The extrinsic value consists of time value, volatility, interest rate and dividends, which are external variables that affect the option value. Theta represents the time value of an option that decays as the option approaches expiration. It is important to understand time value and time decay. Theta or time decay is represented in currency terms. For example, a theta value of -16 would mean the theta decay would be Rs 16 per day. Theta value is negative for an option buyer and positive for an option seller. Therefore, an option selling trade is known as a positive theta trade, and an option buying trade is known as a negative theta trade.

Time value, expiration & time decay

Chart of Time value, expiration & time decay Time value is the willingness of the option buyer to pay over and above the intrinsic value. An option contract, in the beginning, has more time value with more time to expire. This is because the larger the time for expiration, the greater the probability for the option to expire in-the-money.

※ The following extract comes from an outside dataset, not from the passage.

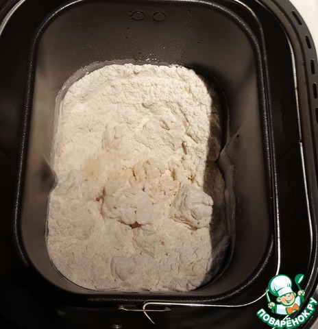 Добавляем муку и соль. Включаем замес. Через 13 мин. тесто готово.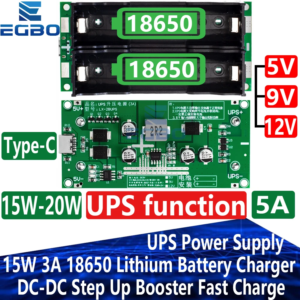 Type-C 15W 3A 18650 Lithium Battery Charger Module DC-DC Step Up Booster Fast Charge UPS Power Supply / Converter 5V 9V 12V

Consequently, the larger the time value of the option. With more time in hand for expiry, the likelihood of the price movement increases. As the time to expiration contracts, the time value decreases. This is known as time decay or theta decay of an option. The most important thing to observe in theta or time decay is that it is not linear.

Theta decay accelerates as the time to expiration nears expiration except for deep out-of-the-money options. Time decay will be relatively less for a contract that has 60 days of expiration, but it will start decaying faster as it reaches 30 days of expiration, and it will decay rapidly thereafter until expiration. One can imagine time decay to be like rolling downhill on a bicycle, where the initial speed is much less when the bi-cycle begins rolling down. It gathers speed as it rolls down and hits maximum speed as it reaches the foothill.

Theta and moneyness

The theta value is at its peak when the option is at-the-money. As the options move in-the-money or out-of-the money, very little time value is added, and therefore, theta value is lower. A deep-in-the-money option mostly consists of intrinsic value, and therefore, there is little theta to burn and the rate of theta decay will be less. On the other hand, a deep out-of-the-money option has only extrinsic value, and therefore, it will decay faster during the initial days. However, as expiry approaches, there is little extrinsic value, and therefore, the decay slows down. 

Importance of theta

Theta decay is an important factor as it affects the option buyer and seller differently. While theta is a friend to an option seller because as expiration approaches, the option value decreases and one can pocket the difference, for an option buyer theta is an enemy because if the underlying goes against the buyer of the option, theta decay would add to his losses. Moreover, if the underlying stays at-the-money or near-the-money with approaching expiry, the theta decay will quicken. For a directional option trader, the theta decay is offset by the directional movement and the ideal situation will be to make more than what you lose. This means a directional trader should gain more intrinsic value than what he has lost in theta decay. For small underlying moves, It is better to trade options having low theta so that the profits are not eroded from these small moves by the theta lost.

Non-directional trading strategies where you sell a straddle or strangle or any other non-directional strategies use time decay to profit. These strategies would require the right amount of theta value for a profitable trade. However, if the position goes against the original strategy the options available would be to either gain more theta or close the trade. But this comes with its own set of problems.

Things to remember

  • Theta is the decline in the time value of an option. The value of an option consists of two parts — intrinsic value and extrinsic value.
  • The theta value is at its peak when the option is at-the-money.
  • While theta is a friend to an option seller because as expiration approaches the option value decreases and one can pocket the difference, for an option buyer theta is an enemy because if the underlying goes against the buyer of the option, theta decay would add to his losses.